Even with some first and third act problems and a peculiar present action–Millie’s a solid melodrama. It works up actual suspense, actual danger, and finds true villainy amid the pat shittiness of men. In addition to passing Bechdel—briefly but definitely—the film ends up fully confronting all the things it seems like it’d be safer to avoid, especially since it shifts the protagonist role from the title character—played by Helen Twelvetrees—to the aforementioned villain. It’s a successful move, even if it does mean Twelvetrees loses the third act.
To be fair, of course, the better movie for Twelvetrees is potential Millie 2, as she spends this film floundering for seventeen or eighteen years (the aforementioned peculiar present action).
The film starts with Twelvetrees a rambunctious, but marriage age, teen, who lets businessman James Hall talk her into marrying him so she can move to New York. Of course, before she can go to New York, they need to stop off at a motel so Hall can check the tires (at least they elope first). It’s a disquieting scene, with Twelvetrees playing it a little too histrionic but at least they’re trying, as the film makes all sorts of implications about Hall’s expectations of her and her questionable willingness.
Then the film skips ahead three years to Twelvetrees a miserable wealthy housewife who isn’t even allowed to bathe her own kid. Hall is always going out on business and never wants to paw her anymore; at least mother-in-law Charlotte Walker is nice to her (better than her own mom, who threw her to wolf Hall without a thought), but Twelvetrees needs friends. So when childhood pal Joan Blondell calls up looking for a loan from a rich friend, Twelvetrees is more than happy to hang out.

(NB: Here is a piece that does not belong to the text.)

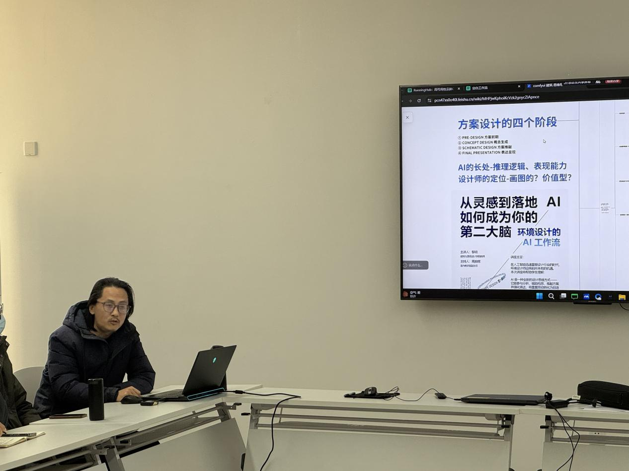 讲座中,黎明老师围绕“环境设计的AI工作流”这一核心主题,结合行业发展趋势,系统阐释了AI作为全新设计思维方式的核心内涵。他指出,在人工智能迅速重塑设计行业的当下,AI已不再是简单的辅助工具,而是能够深度参与分析、辅助构思、推敲方案并强化表达的“设计伙伴”,可有效将重复劳动转化为创造力的空间。

Blondell and her roommate, Lilyan Tashman, are professional lady friends to rich, sometimes married men who travel the country looking for the best time. We don’t get a lot of specifics, but it’ll turn out acerbic Tashman is the soulful one whereas Blondell is always the ditz. They’re both really good, but Tashman’s fantastic when she gets to play it earnest.

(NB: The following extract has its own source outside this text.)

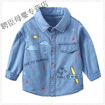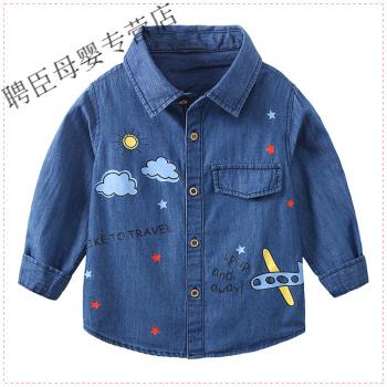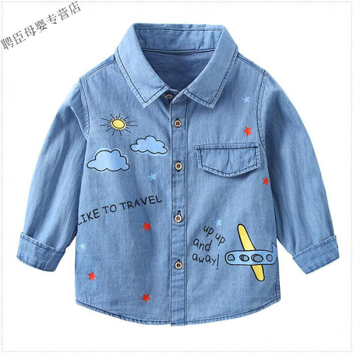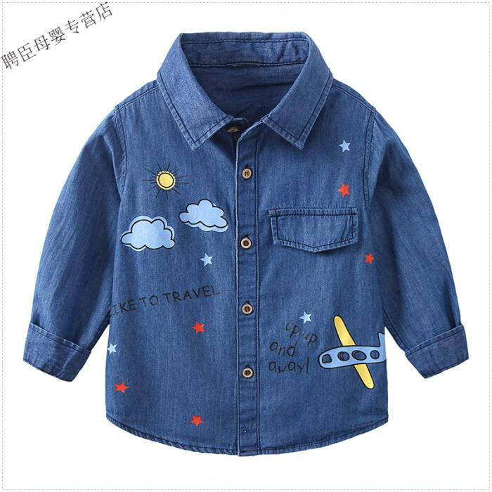 G.duck Boys Denim Shirt Pure Cotton 2026 Spring Children's Lapel Shirt Western Style Korean Baby Jacket Spring and Autumn Clothes Dark Denim Color 100 Suitable for Height 90-100cm Age 3-4 Years Old

Unfortunately, they take Twelvetrees to a place she’s never frequented—a lunchtime cabaret for businessmen and their girlfriends—and she’s in for a rude awakening.
The next time jump is two to four years (I think it starts at two, then skips ahead another two to hit four total; sometimes there are title cards, sometimes not) and Twelvetrees is now on her own, trying to make her own way. She’s still good friends with Tashman and Blondell, but isn’t interested in finding men to pay for her upkeep. Instead she works at a hotel cigarette stand, charming various men, most importantly businessman John Halliday and newspaper reporter Robert Ames, but never getting serious (or horizontal) with them.

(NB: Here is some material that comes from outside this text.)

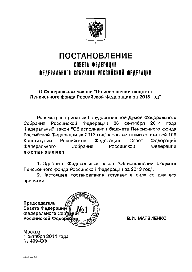ПОСТАНОВЛЕНИЕ СФ ФС РФ от 01.10.2014 N 409-СФ

This middle section of the film, which has Twelvetrees’s anti-romance resolve breaking and coming to another rude awakening, has her best acting in the film. She’s no longer reduced to either giddiness or despair and there’s a lot of character development before she gives in to temptation.
The last act has another jump ahead—this time seven or eight years (I should remember, there’s a title card)—and at that point the film shifts from Twelvetrees being the protagonist to her being the subject. Most of the supporting cast doesn’t get old age makeup, but Twelvetrees gets very tired late thirties eyeshadow and maybe Rock gets a little. Frank McHugh, as Rock’s fellow reporter and amiable sidekick, however, gets none. And Halliday finally seems to be playing his age (late forties).
Though the film’s very timey-wimey with the present action. If it starts in 1931 and ends in the late forties, obviously there’s no World War II because they didn’t know but there’s also no change in the world in those seventeen years. If it starts in 1914 and ends in 1931 or whatever… I mean, they missed the Great War. Also the technology appears identical.
The third act has all the suspense and the most dramatic melodrama—not really soapy though—and while the resolution sets up a far better potential story for the cast, it’s still a reasonable success. Just a bummer they weren’t able to center Twelvetrees through it—though then you couldn’t do the third act in fifteen or twenty minutes; it would’ve been nice for her to get to keep her movie in the finish.
Acting-wise, Twelvetrees, Halliday, and Tashman are the best. Ames is a little flat, though some of it’s the script (some of it’s just everyone else having more personality). Hall’s probably the only complete whiff. Solid support from Anita Louise as well.
Millie’s a lot better than it should be, with the filmmakers actually sticking by a scandalous but also not at all story until they get it told. And when Twelvetrees gets to be the star (and have some agency), she’s excellent.